▸ **GOAL OF THE EXERCISE**
Nothing but the lines from the one containing "В этом экране" to the end of the data should be copied, exactly, and the pictures stay out.

▸ **DATA RECORDS**
BEGIN

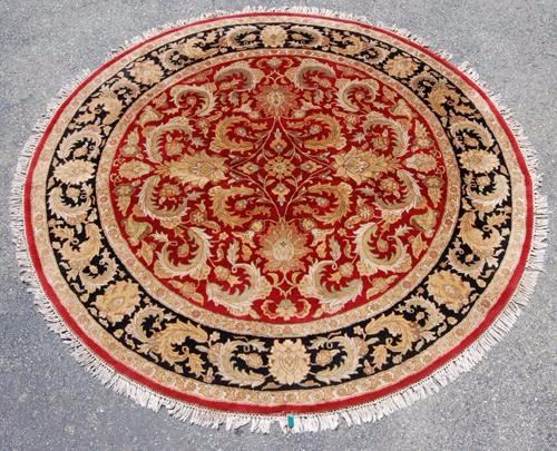 Gorgeous Agra inspired design Round Rug. Made of fine quality lamb's wool pile on cotton foundation, all natural vegetable dye, this beautiful Rug incorporates an Agra inspired floral pattern and utilizes a rich color palette. A very nice looking hand woven Rug. Size: 8 feet X 8 feet.
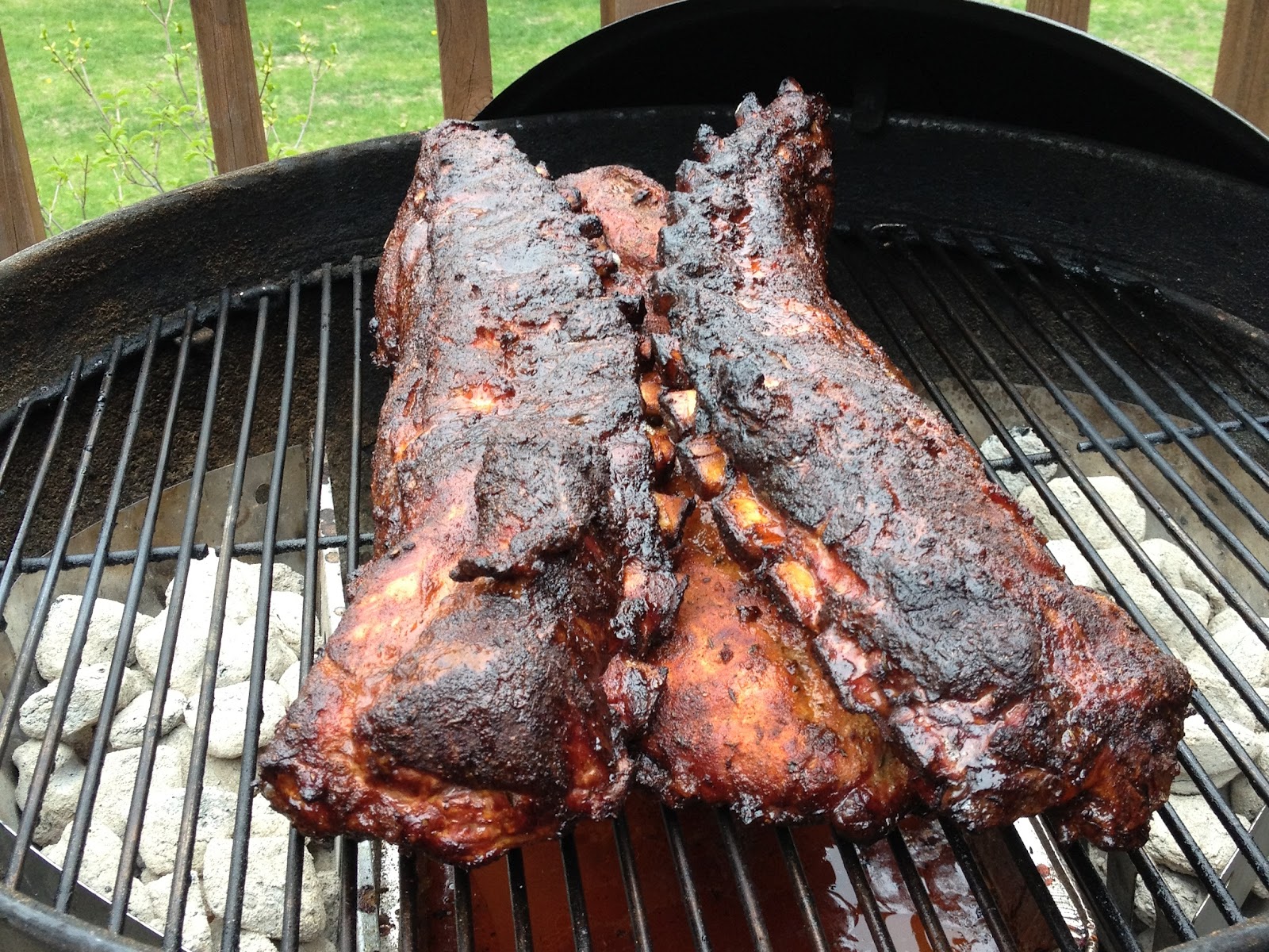 Saturday: Hickory Smoked Baby Back Ribs. These babies were seasoned with kosher salt, chipotle pepper powder, cumin, garlic powder and black pepper (plus some others I can’t remember right now), then sat for a little over an hour. I prepared a three-zone fire for indirect heat and tried to keep the internal temperature between 300 and 350 degrees. They were on the grill about 3 hours, basking in hickory smoke for the first two. They were very good, maybe the best I’ve grilled so far, but I think I still have a long way to go to make perfect ribs.
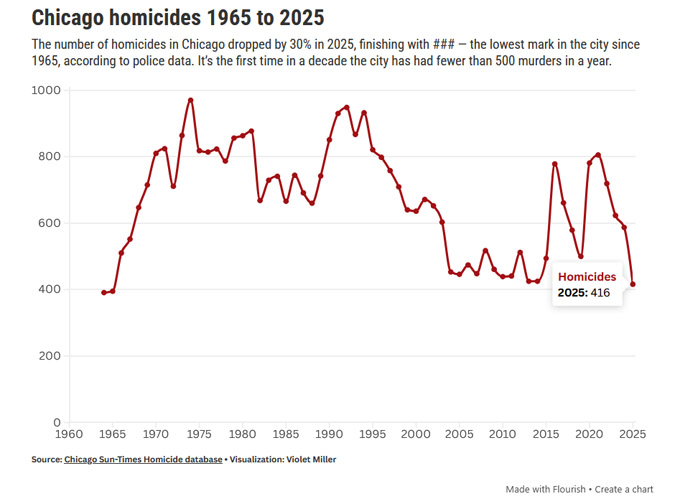 2025年芝加哥市谋杀案死亡人数仅416人,创1965年以来的最低记录
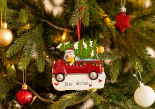 Dopo aver scelto l’albero perfetto per la nostra casa, lo carichiamo in macchina e via si parte per tornare ad addobbarlo! La decorazione è pronta per essere personalizzata inserendo il nome sul cappellino del personaggio e scrivendo una breve frase, un augurio o una data sul banner bianco. Le nostre bravissime decoratrici scriveranno a mano ogni tuo desiderio, senza nessun costo aggiuntivo. Ogni decorazione sarà consegnata nella splendida Gift Box.
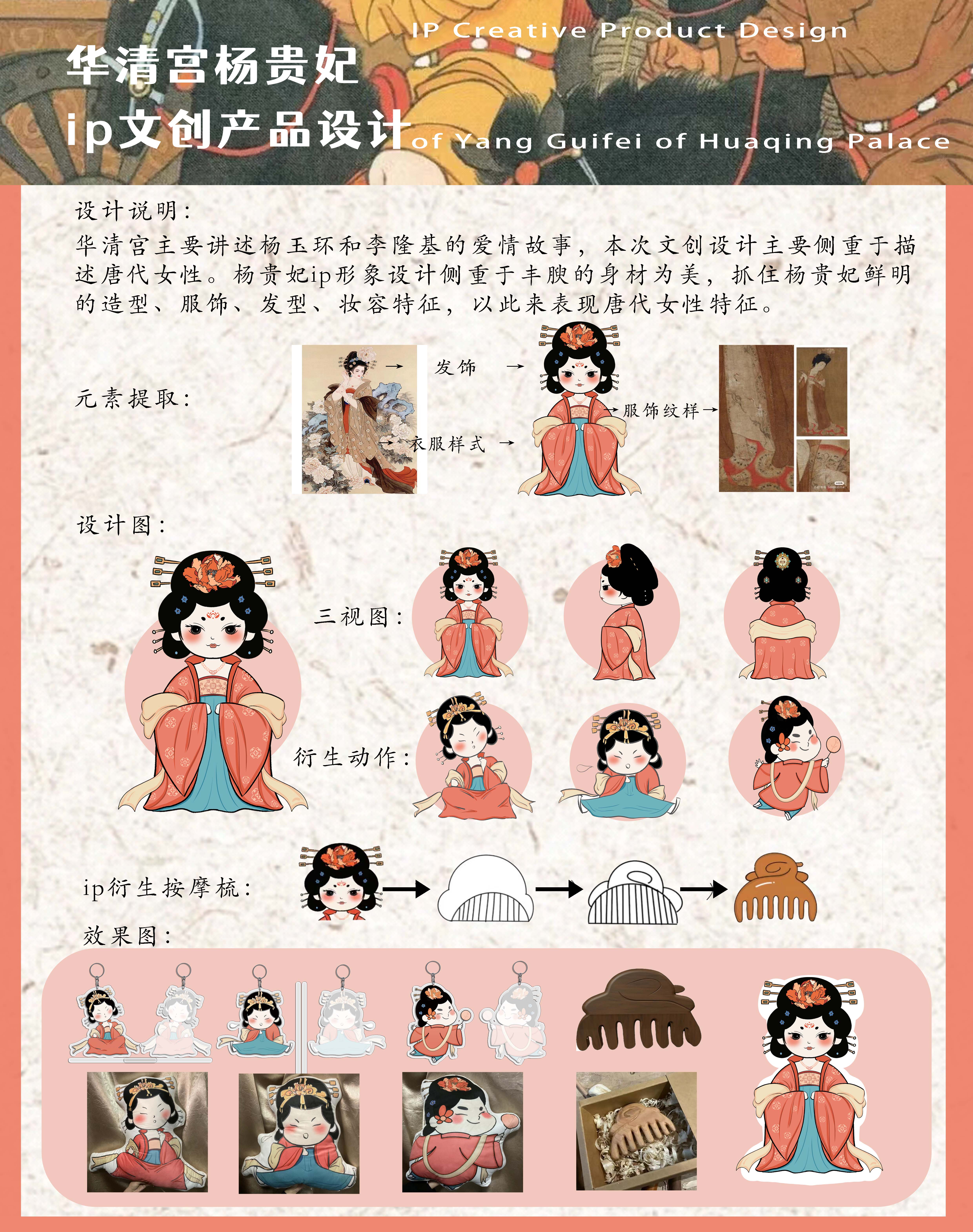 华清宫主要讲述杨玉环和李隆基的爱情故事,本次文创设计主要侧重于描述唐代女性。杨贵妃ip形象设计侧重于丰腴的身材为美,抓住杨贵妃鲜明的造型、服饰、发型、妆容特征,以此来表现唐代女性特征。
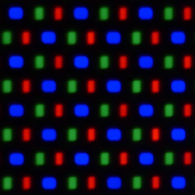 В этом экране используется матрица AMOLED — активная матрица на органических светодиодах. Полноцветное изображение создается с помощью субпикселей трех цветов — красного, зеленого и синего в равном количестве. Это подтверждается фрагментом микрофотографии:
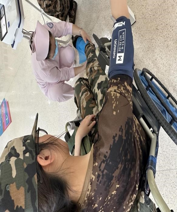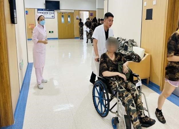 体检现场井然有序,健康管理中心在半天时间内高效完成了240余人的体检任务。有位新生不慎扭伤了脚踝,行动不便,健康管理中心医护人员全程陪护,悉心服务,帮助这位同学顺利完成了入学体检。

END

▸ **WRITTEN SOLUTION**
 В этом экране используется матрица AMOLED — активная матрица на органических светодиодах. Полноцветное изображение создается с помощью субпикселей трех цветов — красного, зеленого и синего в равном количестве. Это подтверждается фрагментом микрофотографии:
 体检现场井然有序,健康管理中心在半天时间内高效完成了240余人的体检任务。有位新生不慎扭伤了脚踝,行动不便,健康管理中心医护人员全程陪护,悉心服务,帮助这位同学顺利完成了入学体检。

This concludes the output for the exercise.